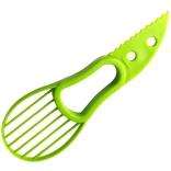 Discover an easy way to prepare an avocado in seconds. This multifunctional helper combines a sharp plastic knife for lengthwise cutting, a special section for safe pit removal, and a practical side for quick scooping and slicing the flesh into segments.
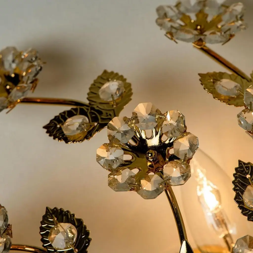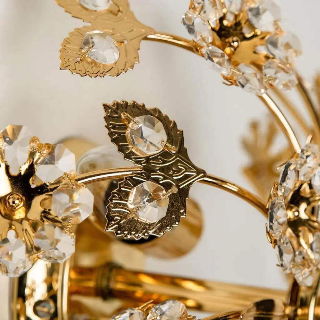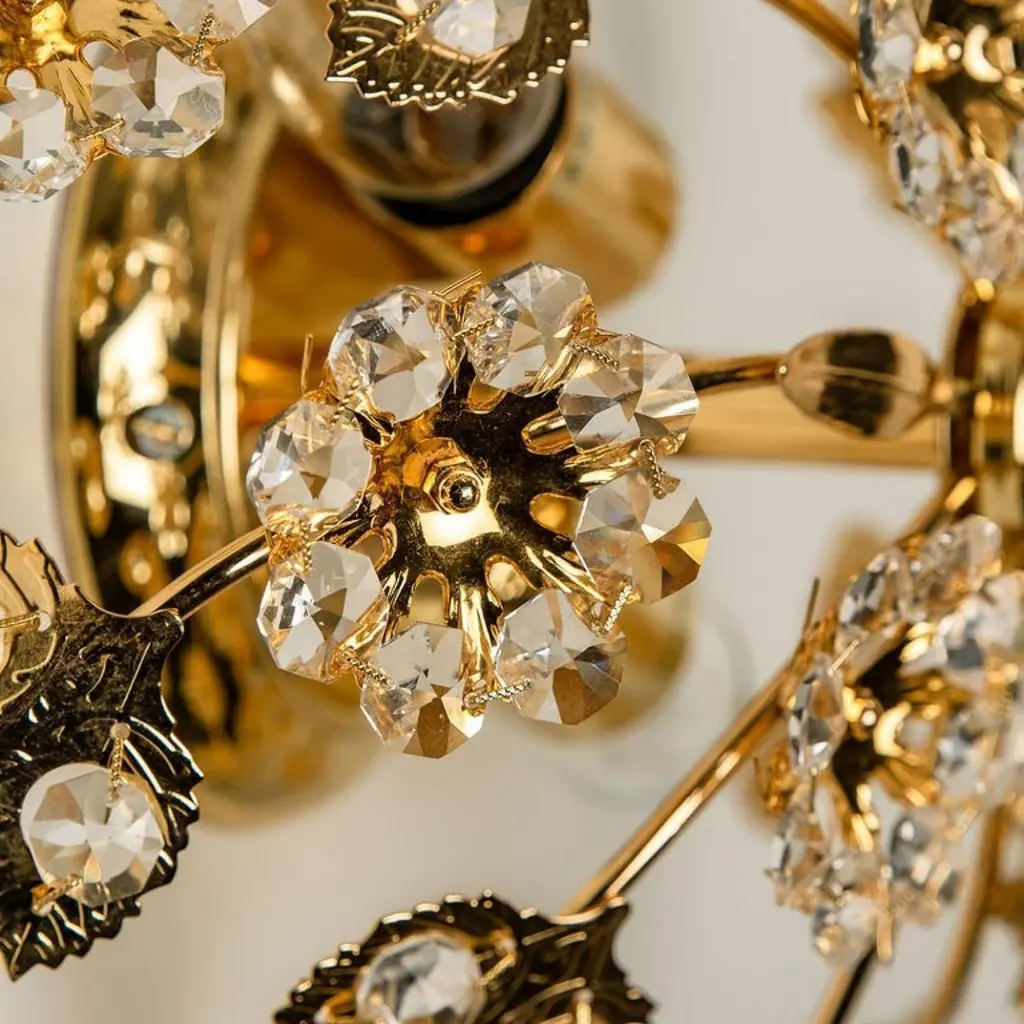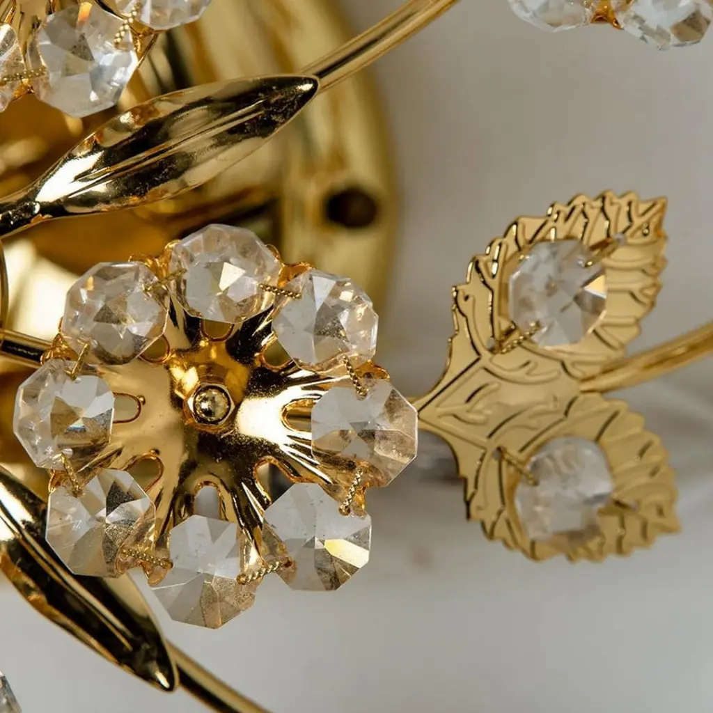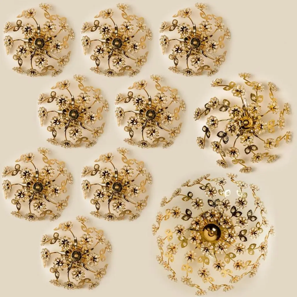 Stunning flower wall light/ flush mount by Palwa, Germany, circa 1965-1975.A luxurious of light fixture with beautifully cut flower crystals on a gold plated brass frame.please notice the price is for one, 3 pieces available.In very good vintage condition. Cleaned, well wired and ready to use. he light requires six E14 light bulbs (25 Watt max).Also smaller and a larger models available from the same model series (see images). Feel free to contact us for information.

--

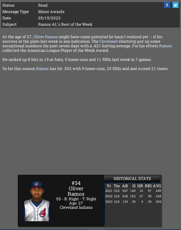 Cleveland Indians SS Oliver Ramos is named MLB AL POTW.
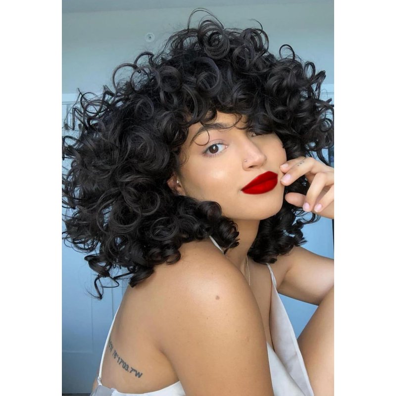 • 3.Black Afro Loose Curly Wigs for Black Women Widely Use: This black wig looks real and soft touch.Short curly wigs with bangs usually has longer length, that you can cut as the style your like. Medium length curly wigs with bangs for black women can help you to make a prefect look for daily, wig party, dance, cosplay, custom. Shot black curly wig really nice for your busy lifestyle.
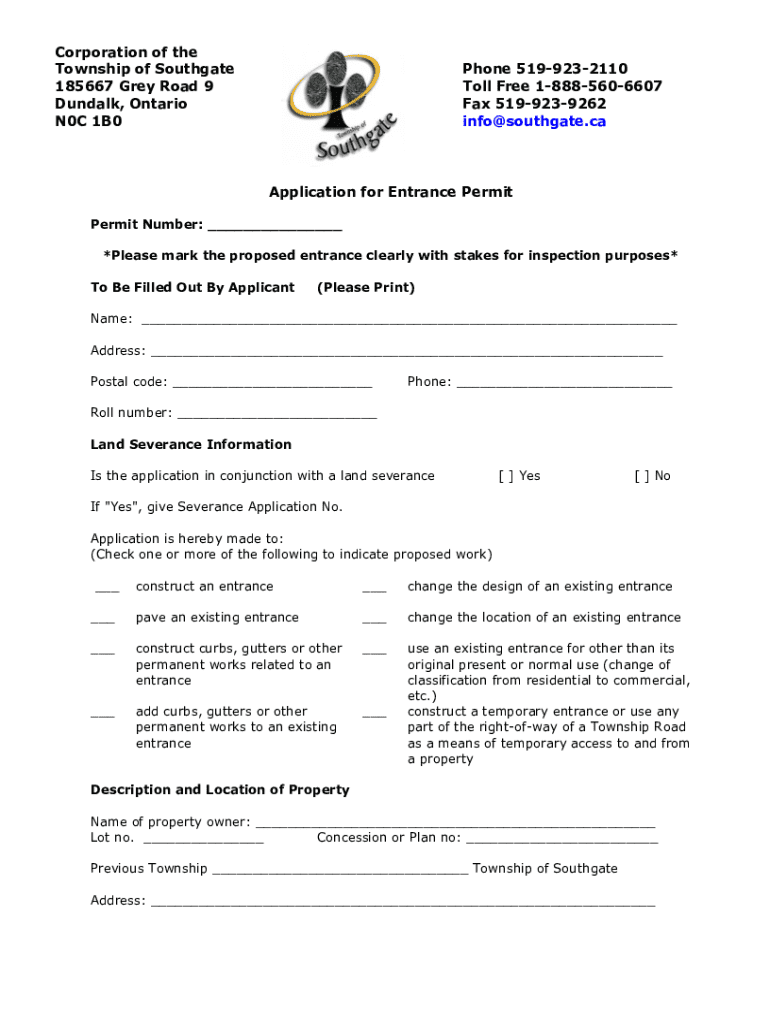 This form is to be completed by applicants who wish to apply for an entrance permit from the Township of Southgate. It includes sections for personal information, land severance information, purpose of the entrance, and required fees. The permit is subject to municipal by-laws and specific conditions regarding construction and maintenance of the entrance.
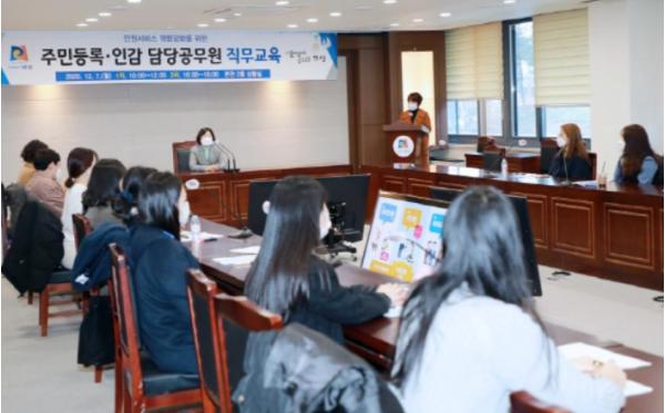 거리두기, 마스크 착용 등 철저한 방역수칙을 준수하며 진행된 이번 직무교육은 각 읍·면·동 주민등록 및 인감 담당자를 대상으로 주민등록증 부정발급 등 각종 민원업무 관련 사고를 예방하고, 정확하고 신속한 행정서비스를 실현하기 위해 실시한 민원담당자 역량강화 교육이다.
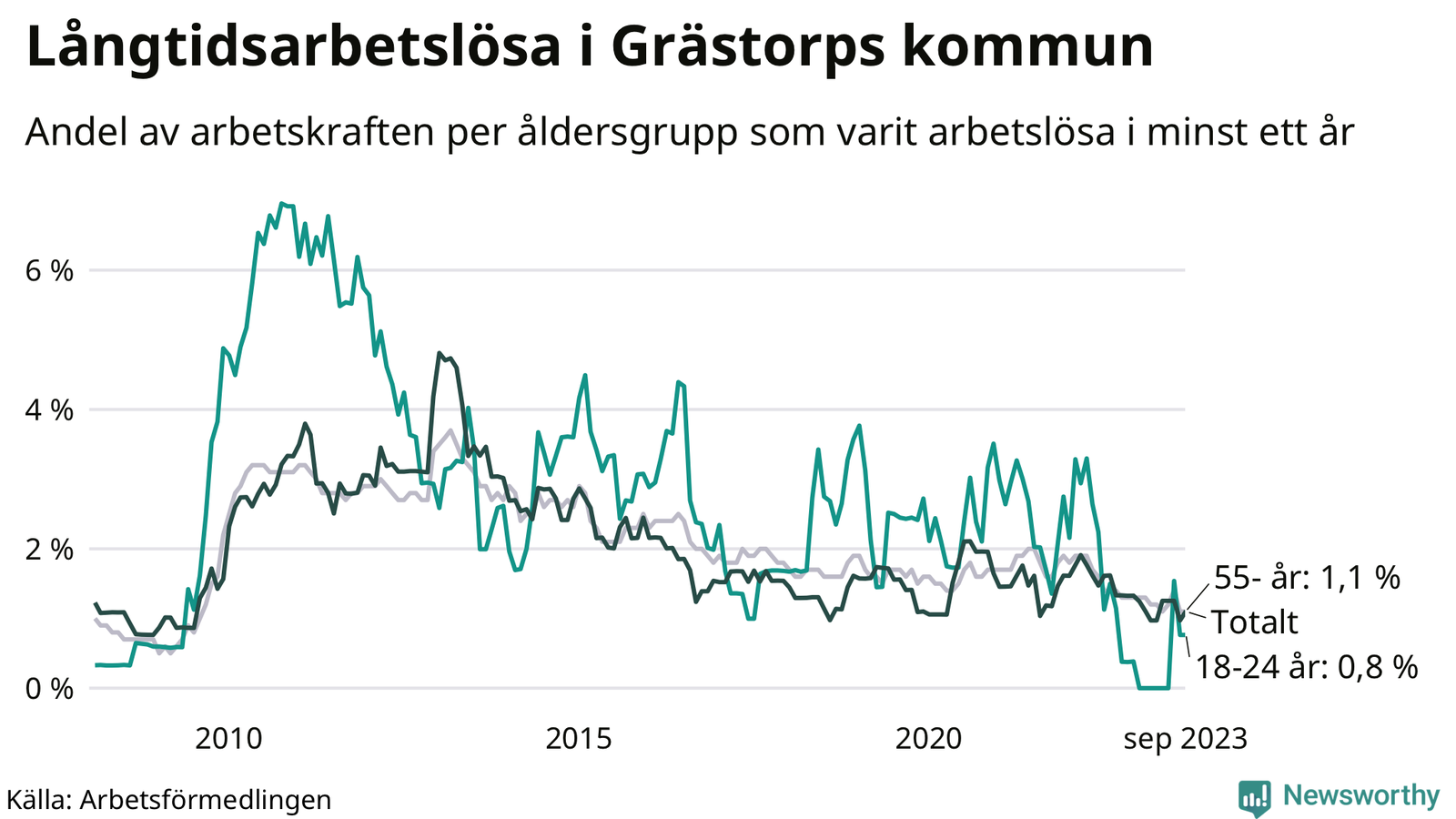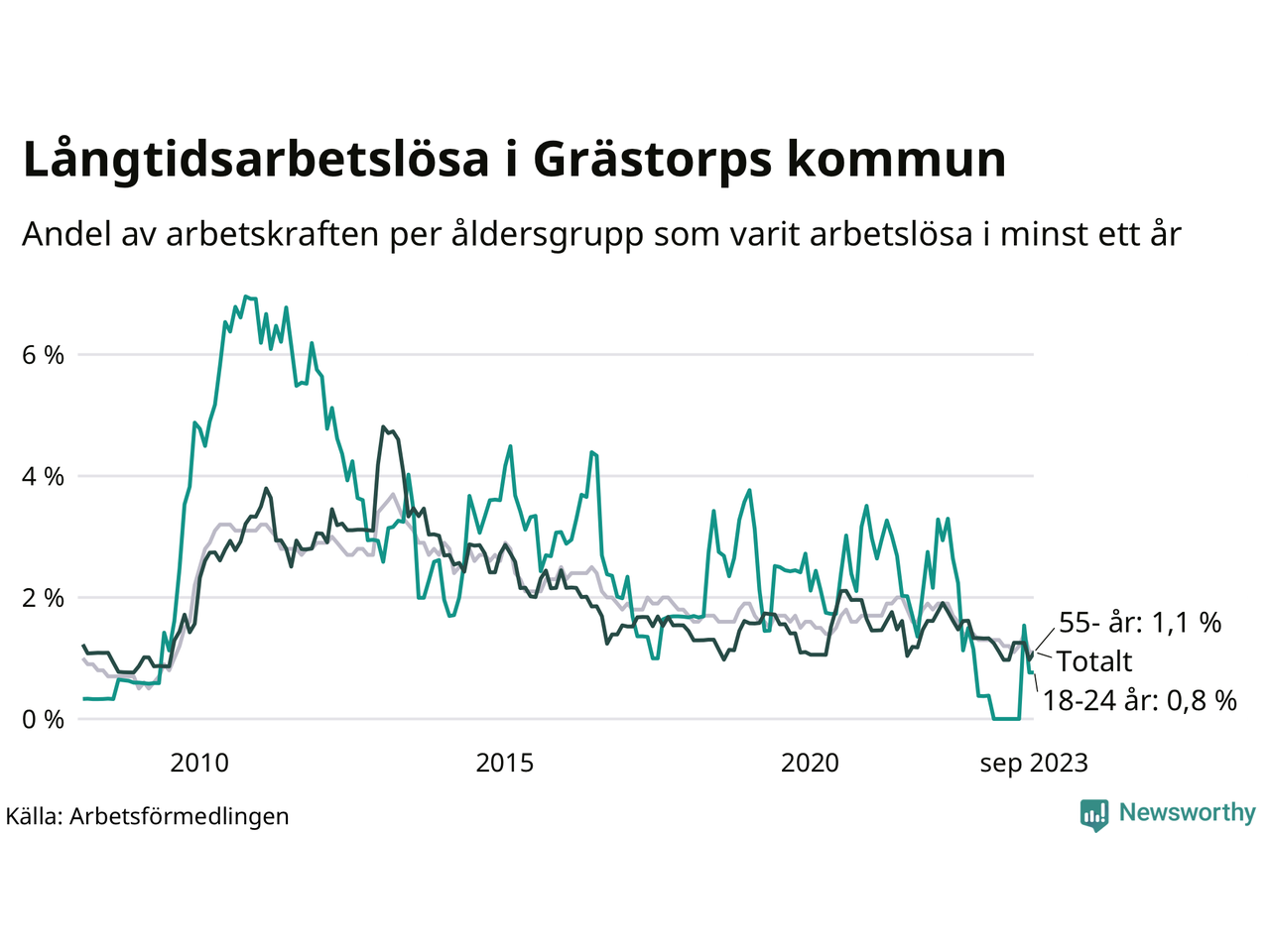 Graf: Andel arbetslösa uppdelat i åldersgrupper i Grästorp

...

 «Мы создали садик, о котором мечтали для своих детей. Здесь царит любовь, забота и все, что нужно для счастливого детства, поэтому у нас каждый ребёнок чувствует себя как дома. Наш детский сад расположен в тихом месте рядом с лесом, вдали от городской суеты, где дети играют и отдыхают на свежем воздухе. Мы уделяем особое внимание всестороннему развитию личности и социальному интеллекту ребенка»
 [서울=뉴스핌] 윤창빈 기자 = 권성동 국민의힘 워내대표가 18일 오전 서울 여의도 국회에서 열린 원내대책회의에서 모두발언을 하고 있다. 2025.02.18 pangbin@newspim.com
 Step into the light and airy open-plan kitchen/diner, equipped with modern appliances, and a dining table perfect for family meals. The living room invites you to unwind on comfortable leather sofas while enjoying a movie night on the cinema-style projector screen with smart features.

### Directions
Word for word, restate the lines above from the one with "거리두기, 마스크 착용" through the one with "Graf: Andel arbetslösa", keeping both ends and dropping the pictures.

### Written answer
 거리두기, 마스크 착용 등 철저한 방역수칙을 준수하며 진행된 이번 직무교육은 각 읍·면·동 주민등록 및 인감 담당자를 대상으로 주민등록증 부정발급 등 각종 민원업무 관련 사고를 예방하고, 정확하고 신속한 행정서비스를 실현하기 위해 실시한 민원담당자 역량강화 교육이다.
 Graf: Andel arbetslösa uppdelat i åldersgrupper i Grästorp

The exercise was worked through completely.